(Records contained in a dataset)
<<<<
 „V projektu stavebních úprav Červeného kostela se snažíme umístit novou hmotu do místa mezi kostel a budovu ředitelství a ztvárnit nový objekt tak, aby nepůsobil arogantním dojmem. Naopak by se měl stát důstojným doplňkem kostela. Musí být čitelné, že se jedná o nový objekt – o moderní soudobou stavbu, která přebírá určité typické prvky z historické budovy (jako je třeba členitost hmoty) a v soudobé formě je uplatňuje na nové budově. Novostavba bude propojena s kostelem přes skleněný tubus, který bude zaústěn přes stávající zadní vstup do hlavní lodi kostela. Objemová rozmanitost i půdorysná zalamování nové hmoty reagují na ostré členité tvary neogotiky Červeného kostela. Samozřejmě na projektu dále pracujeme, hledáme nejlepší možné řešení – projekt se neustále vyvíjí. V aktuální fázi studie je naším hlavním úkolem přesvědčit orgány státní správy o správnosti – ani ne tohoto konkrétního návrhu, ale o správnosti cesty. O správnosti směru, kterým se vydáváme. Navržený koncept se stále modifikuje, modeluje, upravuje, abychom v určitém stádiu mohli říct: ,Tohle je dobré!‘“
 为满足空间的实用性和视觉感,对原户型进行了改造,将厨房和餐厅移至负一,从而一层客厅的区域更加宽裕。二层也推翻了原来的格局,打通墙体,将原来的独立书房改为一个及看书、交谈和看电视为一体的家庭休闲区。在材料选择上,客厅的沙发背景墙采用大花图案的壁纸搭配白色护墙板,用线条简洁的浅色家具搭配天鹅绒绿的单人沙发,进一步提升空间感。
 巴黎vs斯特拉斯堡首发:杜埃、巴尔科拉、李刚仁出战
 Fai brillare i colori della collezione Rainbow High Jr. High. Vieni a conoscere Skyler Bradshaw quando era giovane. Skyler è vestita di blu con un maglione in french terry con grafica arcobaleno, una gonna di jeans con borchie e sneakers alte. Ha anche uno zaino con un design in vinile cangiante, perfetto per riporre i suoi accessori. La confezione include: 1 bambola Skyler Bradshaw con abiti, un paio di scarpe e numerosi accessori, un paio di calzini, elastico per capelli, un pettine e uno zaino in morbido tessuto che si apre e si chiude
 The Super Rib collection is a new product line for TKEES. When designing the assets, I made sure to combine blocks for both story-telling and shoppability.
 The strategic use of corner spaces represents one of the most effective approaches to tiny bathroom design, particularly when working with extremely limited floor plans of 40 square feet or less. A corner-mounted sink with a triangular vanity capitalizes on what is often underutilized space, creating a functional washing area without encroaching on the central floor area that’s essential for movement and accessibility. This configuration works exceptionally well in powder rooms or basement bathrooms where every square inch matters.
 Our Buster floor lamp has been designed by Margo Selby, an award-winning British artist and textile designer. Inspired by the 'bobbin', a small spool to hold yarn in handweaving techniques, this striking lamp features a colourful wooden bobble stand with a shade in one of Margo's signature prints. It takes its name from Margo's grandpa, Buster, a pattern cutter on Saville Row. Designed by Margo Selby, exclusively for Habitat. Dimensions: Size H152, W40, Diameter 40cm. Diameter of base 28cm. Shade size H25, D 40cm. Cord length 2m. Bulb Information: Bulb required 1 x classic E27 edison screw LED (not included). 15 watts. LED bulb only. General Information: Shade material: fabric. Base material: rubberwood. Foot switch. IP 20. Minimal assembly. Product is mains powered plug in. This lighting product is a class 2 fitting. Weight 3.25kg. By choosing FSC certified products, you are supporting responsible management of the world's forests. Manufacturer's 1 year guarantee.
>>>>
Exercise details:
Each line above must be returned exactly as written.

Task answer:
 „V projektu stavebních úprav Červeného kostela se snažíme umístit novou hmotu do místa mezi kostel a budovu ředitelství a ztvárnit nový objekt tak, aby nepůsobil arogantním dojmem. Naopak by se měl stát důstojným doplňkem kostela. Musí být čitelné, že se jedná o nový objekt – o moderní soudobou stavbu, která přebírá určité typické prvky z historické budovy (jako je třeba členitost hmoty) a v soudobé formě je uplatňuje na nové budově. Novostavba bude propojena s kostelem přes skleněný tubus, který bude zaústěn přes stávající zadní vstup do hlavní lodi kostela. Objemová rozmanitost i půdorysná zalamování nové hmoty reagují na ostré členité tvary neogotiky Červeného kostela. Samozřejmě na projektu dále pracujeme, hledáme nejlepší možné řešení – projekt se neustále vyvíjí. V aktuální fázi studie je naším hlavním úkolem přesvědčit orgány státní správy o správnosti – ani ne tohoto konkrétního návrhu, ale o správnosti cesty. O správnosti směru, kterým se vydáváme. Navržený koncept se stále modifikuje, modeluje, upravuje, abychom v určitém stádiu mohli říct: ,Tohle je dobré!‘“
 为满足空间的实用性和视觉感,对原户型进行了改造,将厨房和餐厅移至负一,从而一层客厅的区域更加宽裕。二层也推翻了原来的格局,打通墙体,将原来的独立书房改为一个及看书、交谈和看电视为一体的家庭休闲区。在材料选择上,客厅的沙发背景墙采用大花图案的壁纸搭配白色护墙板,用线条简洁的浅色家具搭配天鹅绒绿的单人沙发,进一步提升空间感。
 巴黎vs斯特拉斯堡首发:杜埃、巴尔科拉、李刚仁出战
 Fai brillare i colori della collezione Rainbow High Jr. High. Vieni a conoscere Skyler Bradshaw quando era giovane. Skyler è vestita di blu con un maglione in french terry con grafica arcobaleno, una gonna di jeans con borchie e sneakers alte. Ha anche uno zaino con un design in vinile cangiante, perfetto per riporre i suoi accessori. La confezione include: 1 bambola Skyler Bradshaw con abiti, un paio di scarpe e numerosi accessori, un paio di calzini, elastico per capelli, un pettine e uno zaino in morbido tessuto che si apre e si chiude
 The Super Rib collection is a new product line for TKEES. When designing the assets, I made sure to combine blocks for both story-telling and shoppability.
 The strategic use of corner spaces represents one of the most effective approaches to tiny bathroom design, particularly when working with extremely limited floor plans of 40 square feet or less. A corner-mounted sink with a triangular vanity capitalizes on what is often underutilized space, creating a functional washing area without encroaching on the central floor area that’s essential for movement and accessibility. This configuration works exceptionally well in powder rooms or basement bathrooms where every square inch matters.
 Our Buster floor lamp has been designed by Margo Selby, an award-winning British artist and textile designer. Inspired by the 'bobbin', a small spool to hold yarn in handweaving techniques, this striking lamp features a colourful wooden bobble stand with a shade in one of Margo's signature prints. It takes its name from Margo's grandpa, Buster, a pattern cutter on Saville Row. Designed by Margo Selby, exclusively for Habitat. Dimensions: Size H152, W40, Diameter 40cm. Diameter of base 28cm. Shade size H25, D 40cm. Cord length 2m. Bulb Information: Bulb required 1 x classic E27 edison screw LED (not included). 15 watts. LED bulb only. General Information: Shade material: fabric. Base material: rubberwood. Foot switch. IP 20. Minimal assembly. Product is mains powered plug in. This lighting product is a class 2 fitting. Weight 3.25kg. By choosing FSC certified products, you are supporting responsible management of the world's forests. Manufacturer's 1 year guarantee.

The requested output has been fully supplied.